Изменить стиль страницы

— Яшка, но ведь все великие дела складываются из маленьких, — ответила Света. — Вот сразу академиком не станешь, а если учиться каждый день, то через двадцать лет станешь.

— Нет, ты меня не понимаешь. Всё это я знаю. Мне надо то знать, зачем мне рыбок спасать и зачем быть академиком. Самое главное надо знать. А может быть, академики не нужны, а надо стать бродячим музыкантом, пойти по дороге и песни петь, и на скрипке играть, и это лучше будет. Ты смотрела фильм про скрипача Паганини? «Дорога без конца, дорога без начала и конца. Свисти, как птица, и не жди награды…» Ай, пойдём, я тебе покажу! — он соскочил с лавочки и побежал, Света за ним.

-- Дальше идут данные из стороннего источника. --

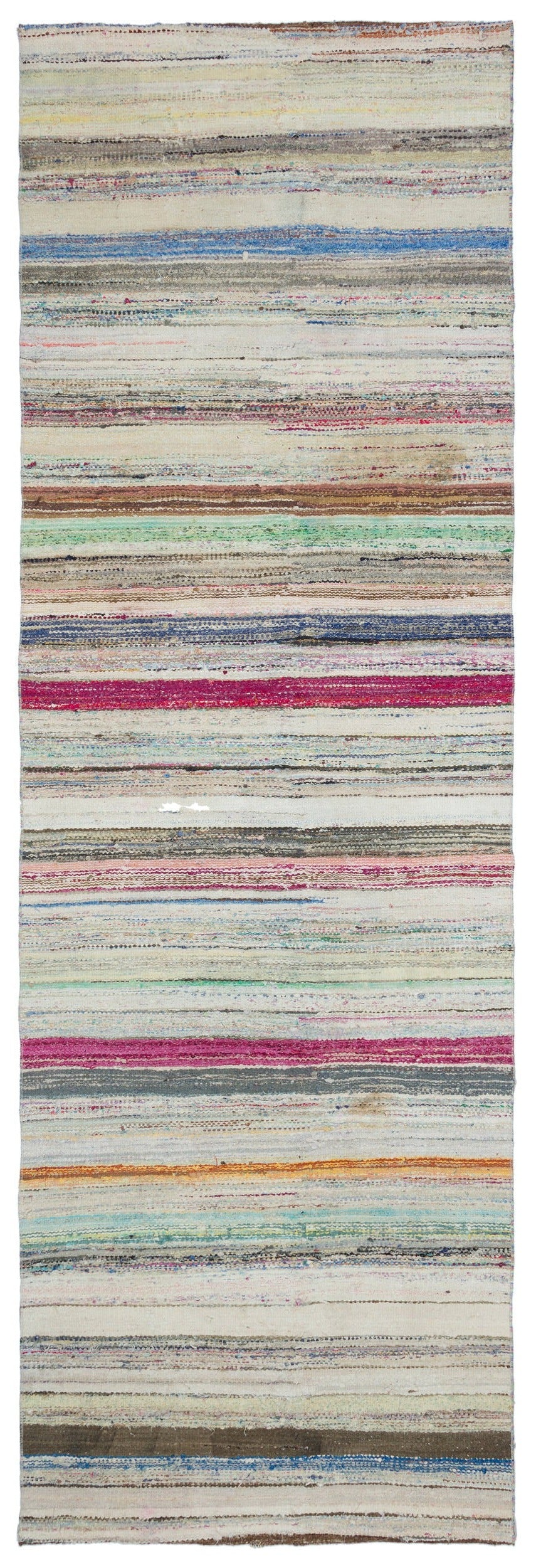 Girit Bej Çizgili Yün El Dokuma Halısı 124 x 376

Яшка прибежал к большому гастроному, и Света увидела, что сверху на гастрономе идёт бортик, а под бортиком живут воробьи, они оттуда вылетали по одному — по два. А когда Яшка подбежал ближе, они вдруг вылетели оттуда целой стаей, как будто поток водопада из-под крыши вылился, полетели через широкий тротуар и уселись по другую его сторону на куст боярышника. Это было очень красиво, как они вылетели. Света так и замерла от восхищения. А Яшка достал из кармана булку и начал крошить, и тогда все воробьи (и с ними ещё несколько других подлетевших маленьких птичек) слетелись с куста к нему. Они совсем Яшку не боялись, они сидели у него под ногами, на плечах, на ладошках, они летали вокруг него, как будто он был какой-то волшебный. А Яшка смеялся и крошил булку.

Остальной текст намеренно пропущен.